* [Task details]: Give the records below again, word for word. No pictures belong in the copy.

* [Material for this task]:
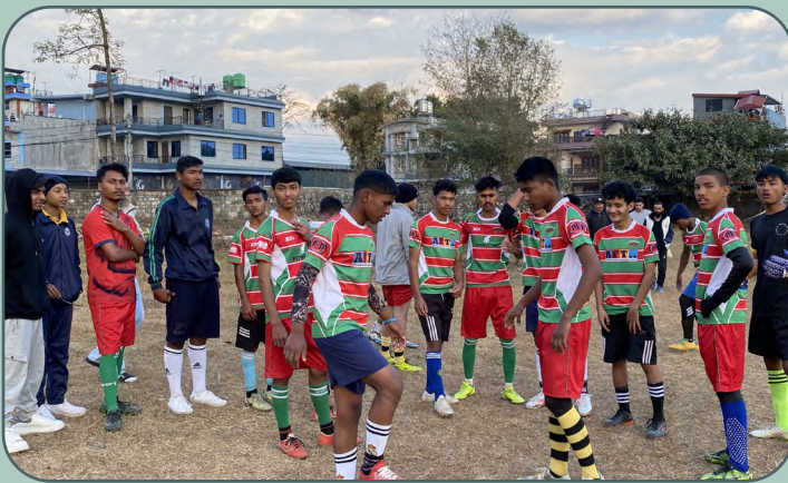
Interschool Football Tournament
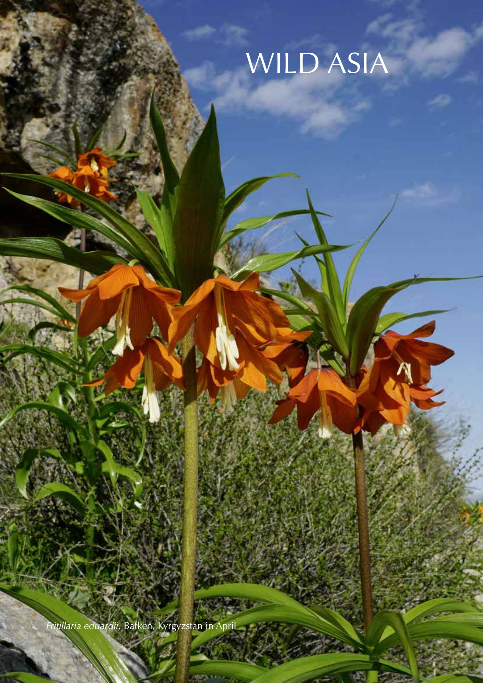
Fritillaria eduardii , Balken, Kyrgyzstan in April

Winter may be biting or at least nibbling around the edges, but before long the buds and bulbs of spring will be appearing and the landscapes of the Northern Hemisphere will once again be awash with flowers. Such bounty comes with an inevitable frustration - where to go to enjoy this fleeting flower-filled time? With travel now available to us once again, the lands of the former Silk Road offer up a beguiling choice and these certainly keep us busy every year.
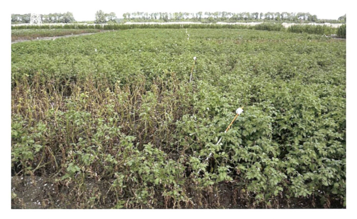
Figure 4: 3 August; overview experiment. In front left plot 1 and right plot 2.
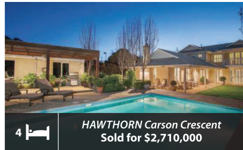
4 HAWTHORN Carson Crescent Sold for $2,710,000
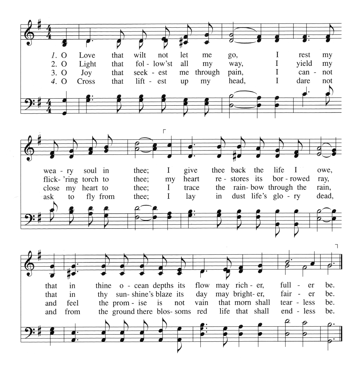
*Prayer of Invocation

* [Completed exercise]:
Interschool Football Tournament
Fritillaria eduardii , Balken, Kyrgyzstan in April

Winter may be biting or at least nibbling around the edges, but before long the buds and bulbs of spring will be appearing and the landscapes of the Northern Hemisphere will once again be awash with flowers. Such bounty comes with an inevitable frustration - where to go to enjoy this fleeting flower-filled time? With travel now available to us once again, the lands of the former Silk Road offer up a beguiling choice and these certainly keep us busy every year.
Figure 4: 3 August; overview experiment. In front left plot 1 and right plot 2.
4 HAWTHORN Carson Crescent Sold for $2,710,000
*Prayer of Invocation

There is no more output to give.